Once generated tokens are available to be copy/pasted for 1 minute. After this delay, only a hint is provided.
Are you going to support scopes for tokens?
Yes, this is part of our medium-term roadmap.
β
βAre you going to support refreshable OAuth2 tokens?
Yes, as part of our medium-term roadmap. OAuth2 tokens will be the recommended authentication mechanism once released. Standard tokens will still be available as well.
1.2 - Using API tokens for authentication
The Keypup API uses Bearer authentication via the Authorization header. Simply set the Authorization header as such:
Header | Value |
|
|
The API authentication provides the same level of access as what you have on our user interface.
2 - Using the API
2.1 - Using the API Explorer
Our API explorer allows you to get started with both APIs. No tokens are required to use the Explorer since you are authenticated through your Keypup account.
The API Explorer is only accessible if API access has been enabled on your account
You can switch between APIs using the top-left dropdown.
2.2 - Accessing the documentation of each API
GraphQL APIs are discoverable and self-documented. You can access the documentation of each API by clicking the book icon on the left side.

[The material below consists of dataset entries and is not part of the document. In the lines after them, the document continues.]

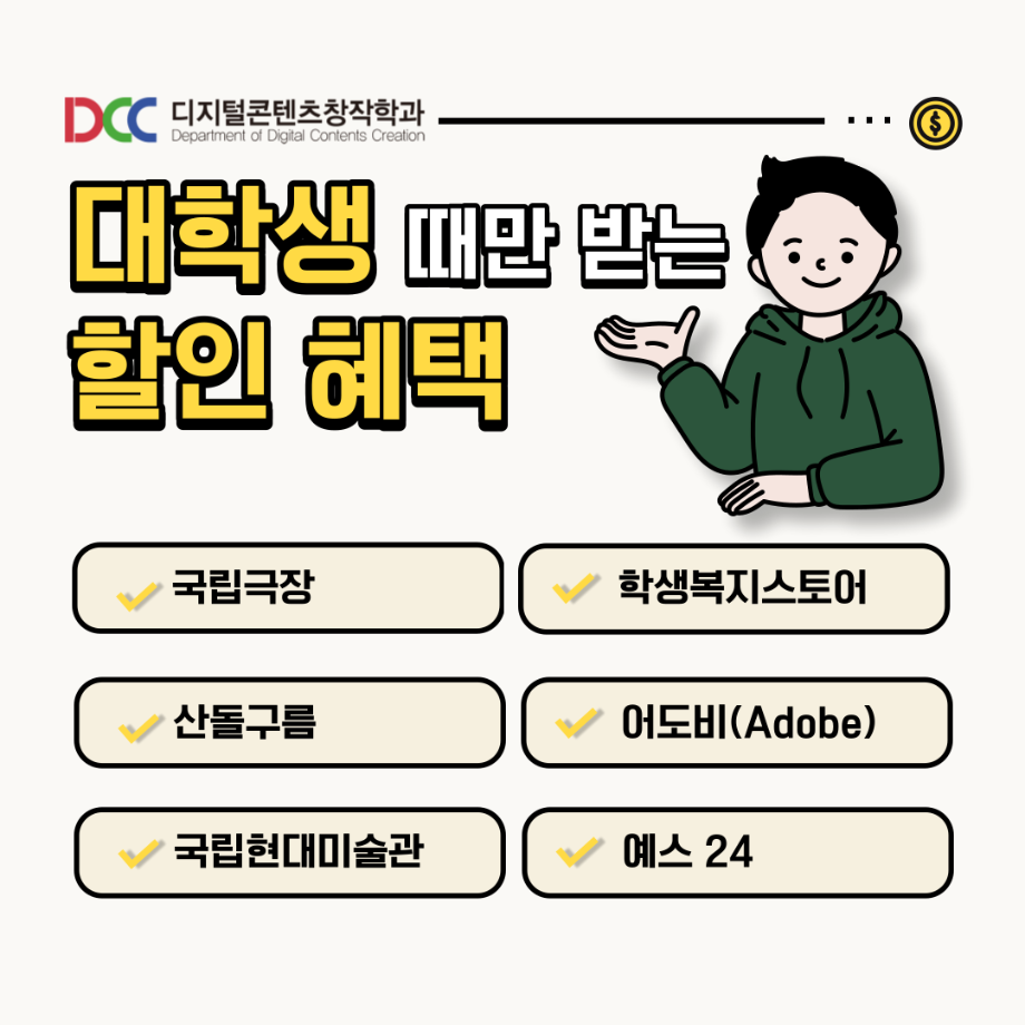 본문 시작 홈으로 MCC News 학과소개 교수소개 학과과정 MCC News MCC SNS 홈페이지가이드 학과 및 재학생 학과 및 재학생 교수 및 졸업생 미디어 정보통 학과 및 재학생 페이스북 트위터 프린트 학생회가 알려주는 재학생 할인 혜택 디지털콘텐츠창작학과 8296 2023-10-16 대학생 때만 받을 수 있는 할인 혜택이 있다고?! 학생회가 정리해서 알려드려요!! 목록 이전🍭 오늘의 디콘 21탄 🍭 다음 장학금 받는 꿀팁🎓 담당부서 : 미디어콘텐츠창작학과 담당자 : - 연락처 : 043-649-1741 최종수정일 : 2024-10-26 만족도조사 만족도 조사 이 페이지에서 제공하는 정보에 대하여 만족하시나요? 매우만족 만족 보통 불만족 매우불만족
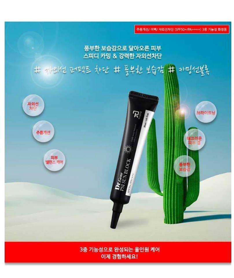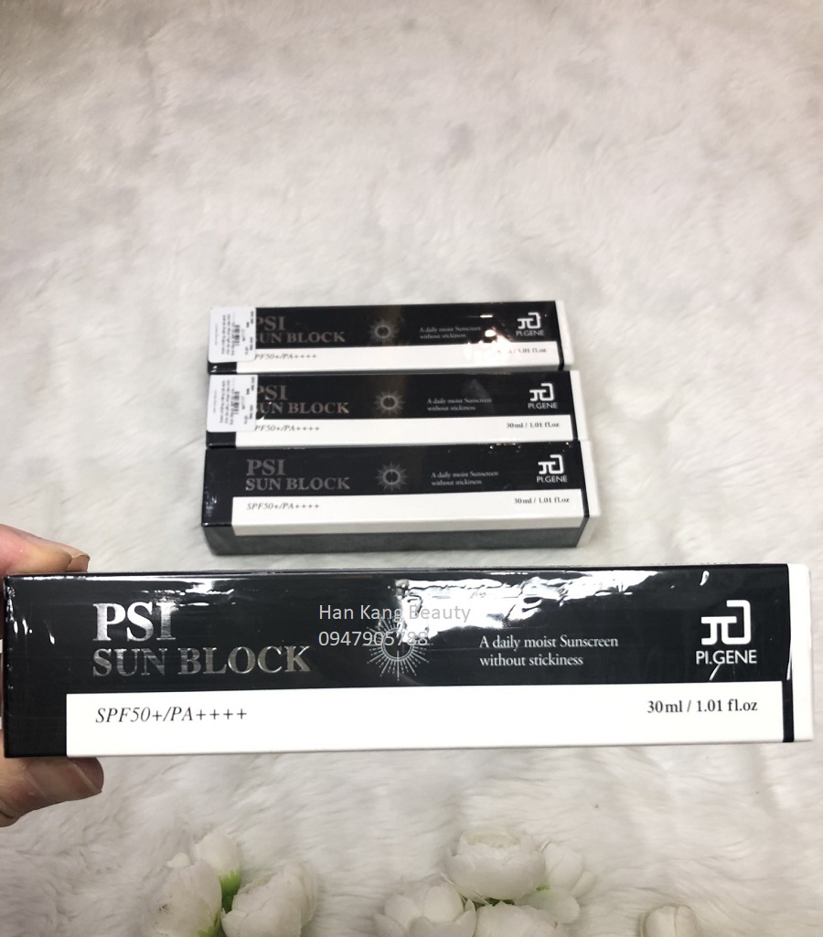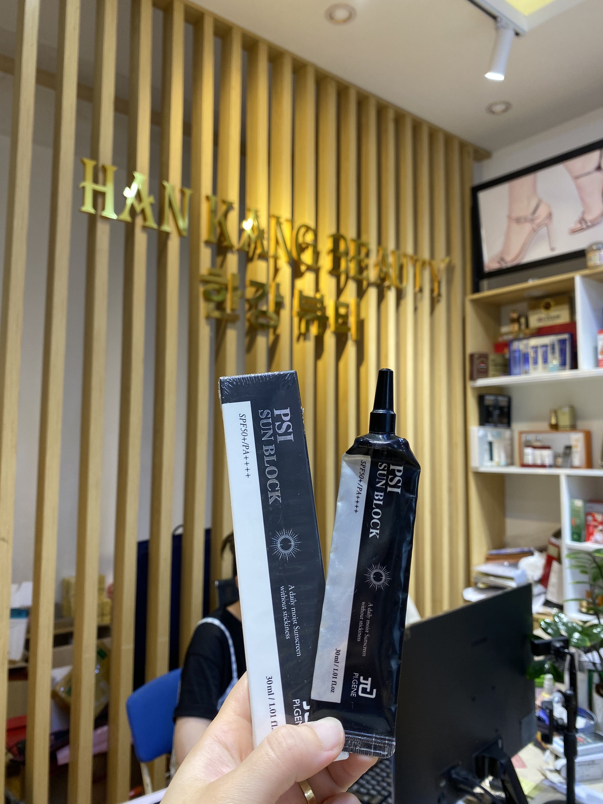 - Kem chống nắng tái sinh cho da yếu, nhạy cảm PSI Sun Block SPF50+PA++++ có độ chống nắng cao chống được tia UVA, UVB tốt nhất.
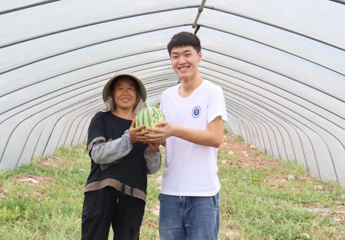 (实践团成员帮助农民摘西瓜)
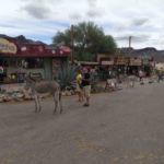 Weitet geht es auf der legendären Route über die Berge. Hier wird die 66 immer schmaler, doch am Rande gibt es immer wieder Tolles zu entdecken, so wie die einstige Tankstelle. Wir erreichen Oatman und sind entzückt, was man hier aus diesem einst bereits verlassenen Dorf gemacht hat. Die alten Häuser, Geschäfte und Salons sind zu neuem Leben erwacht und beherbergen kleine Geschäfte und Souvenirs, die zur Route 66 passen. Frei laufende, wilde Esel geben dem Dorf noch einen eigenen Charme. Mittags werden wir Zeuge einer Schießerei, gut, daß der Tote irgendwann wieder aufstand.
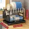Two-tier rack design: top section for cups/mugs/glasses, lower section for plates, bowls, pans.
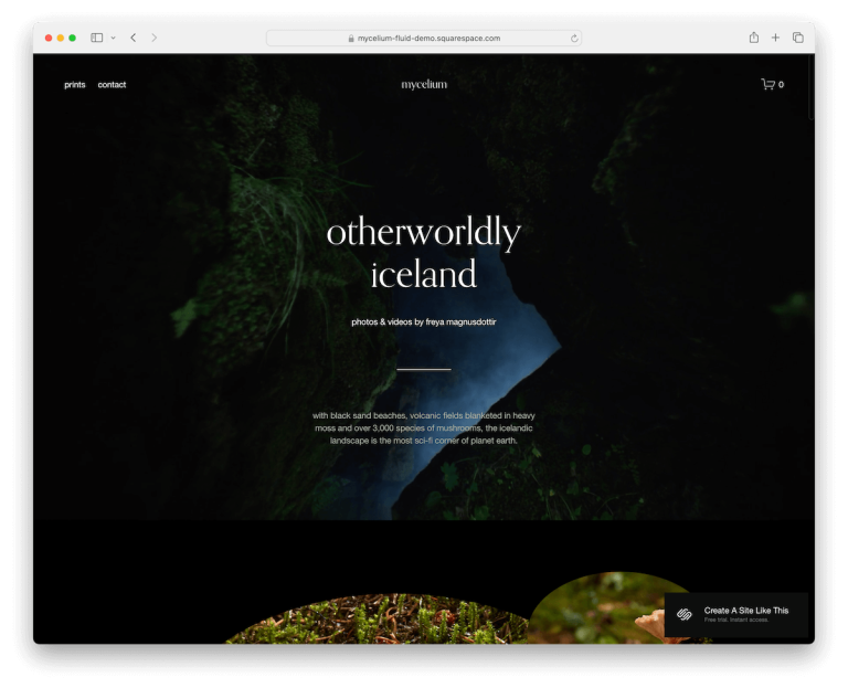 Mycelium is a spectacular Squarespace template with an impactful dark design and video background.
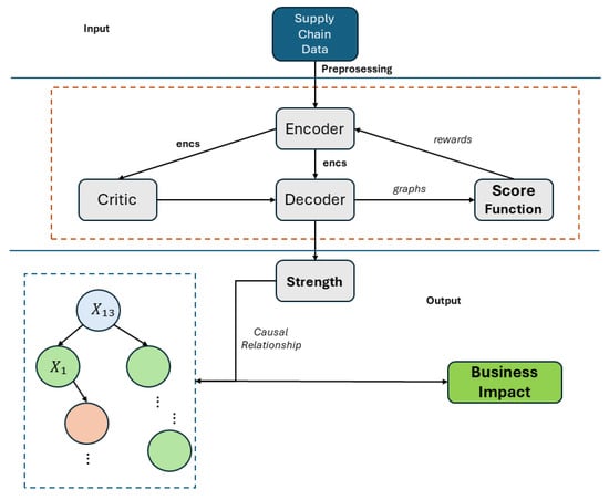 The proposed method consists of two main components: (1) causal discovery through reinforcement learning and (2) causal strength quantification using information entropy. The framework is designed to uncover the root causes of delivery risks by identifying the underlying causal relationships between supply chain variables. We adopt the data-generating model proposed by [31,32], where each variable corresponds to a node i in a d-node directed acyclic graph (DAG) . The observed value of is modeled as a function of its parent variables in the graph, plus an independent additive noise . Specifically,
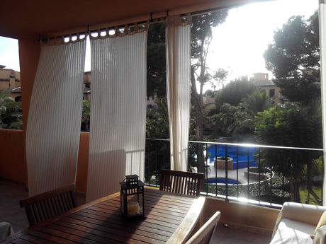 EN COMPLEJO RESIDENCIAL DE LUJO Y FRENTE AL CAMPO DE GOLF MAIORIS SE VENDE FABULOSO APARTAMENTO!. Se encuentra localizado en la prestigiosa Urbanización de Puig de Rós, a 21 km de Palma y 15 mn. del aeropuerto. . Cuenta con todos los servicios necesarios como supermercado, farmacia, colegios, guarderías, academias, gimnasio, centro comercial, etc.. El complejo está dotado de piscinas comunitarias, baños, duchas, zonas verdes y ajardinadas, salón social, zona de juegos infantil, etc. Muy bien cuidado y mantenido. Con videovigilancia.. El apartamento se distribuye en salón comedor con acceso a la terraza de 25 m2 con vistas a las piscinas, cocina amueblada y equipada con electrodomésticos de alta gama, dos dormitorios muy espaciosos con grandes armarios empotrados y vestidos. Dos baños completos, uno de ellos en suite y el otro con plato de ducha y pared forrada de gresite. Puerta de entrada blindada. Sistema de frío y calor por conducto. Cerramientos de aluminio y climalit. Persianas de aluminio. Videoportero. Suelos de gres rústico. Totalmente amueblado. Plaza de parking de 15 m2 y trastero de 7 m2.. A qué esperas para venir a visitarlo? LLÁMANOS! .
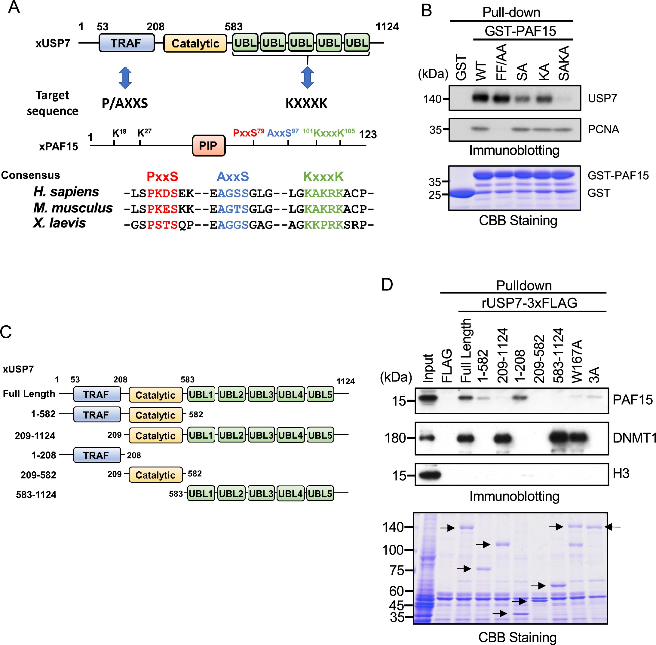 Figure 2. PAF15 associates with the TRAF and UBL1-2 domains of USP7. (A) Schematic illustration of PAF15-USP7 binding experiment. USP7 recognizes P/A/ExxS or KxxxK motifs in its substrates via TRAF or ubiquitin-like (UBL) domains, respectively. PAF15 has three motifs, and alanine mutations were introduced at S79, S97, K101, and K105. (B) GST pull-down from the interphase egg extracts using GST-PAF15, P/AxxS mutant (S79A/S97A; SA), KxxxK mutant (K101A/K105A; KA), and triple mutant (SAKA). The samples were analyzed by immunoblotting using the antibodies indicated. Purified GST or GST-PAF15 mutants used in pull-down assay were stained using CBB. (C) Schematic illustration of rUSP7 truncation mutants employed in (D). (D) FLAG pull-down from interphase egg extracts using rUSP7-3xFLAG mutants presented in (C), W167A and 3 A point mutants. USP7 3 A: D780A/E781A/D786A. The samples were analyzed by immunoblotting using the antibodies indicated. Samples were also stained by CBB. Arrowheads indicate rUSP7 truncation mutants and point mutants. Source data are provided as Figure 2—source data 1. |
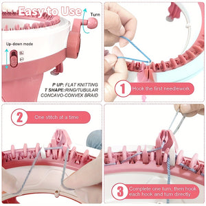 Transforma timpul petrecut alaturi de cei mici intr-o experienta educativa si distractiva! Masina de tricotat este perfecta pentru a crea rapid esarfe, caciuli, manusi, genti si multe altele – fara experienta anterioara!
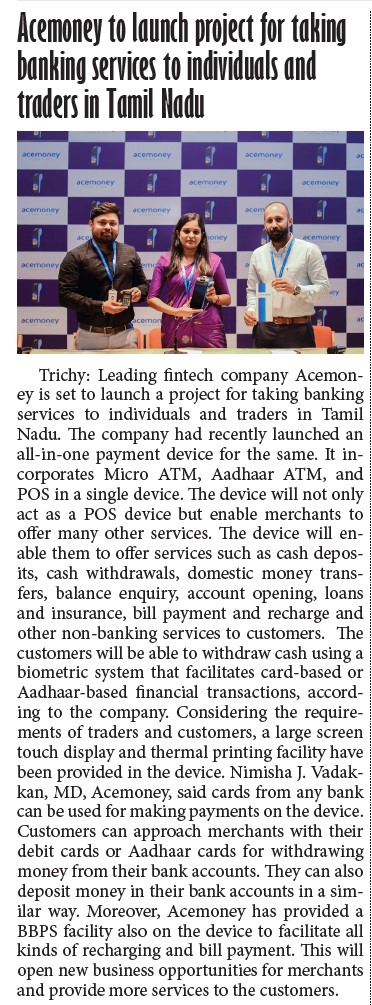 Acemoney was featured in the media for its growing role in expanding digital financial and payment services across Kerala, supporting inclusive access and reliable technology-driven solutions.

2.3 - Exporting insights as queries
After enabling API access on your account, a new "Open in API Explorer" button will appear in the Configure Table section of the insight editor.
Clicking this button will open the query used the insight in the API Explorer.
2.4 - Using queries in application code and scripts
GraphQL queries are POST requests composed of three components:
The headers (see section "Using API tokens for authentication" above)
The query, passed as a body text attribute
The query variables, passed as a body JSON attribute
Below is an example of a cURL request making a query to our Platform API to get the name of a company, for which the ID is passed as a variable. The body is formatted as a JSON object with the query and variables attributes.
curl 'https://hq.keypup.io/graphql'
-H 'Accept: application/json'
-H 'Content-Type: application/json'
-H 'Authorization: Bearer my_keypup_api_token'
--data-raw '{"query":"query($companyId: ID) { company(id: $companyId) { name } }","variables":{"companyId":"a61bdee0-edbc-4888-9459-2ae3f2704f51"}}'
You can use any HTTP library in any language to make GraphQL queries. If manually building HTTP queries looks painful to you, you may consider one of the numerous open-source GraphQL clients out there.
A non-exhaustive list is available on the GraphQL Tools & Libraries page.
Embedding queries in the browser
It is not possible to embed queries in a web page via JavaScript. Our CORS policies prevent this for security reasons. Exposing your token in a web page would also be a bad idea.
If you wish to do so then you should have an application server making backend queries to Keypup and serving HTML pages authenticated via cookie to your users.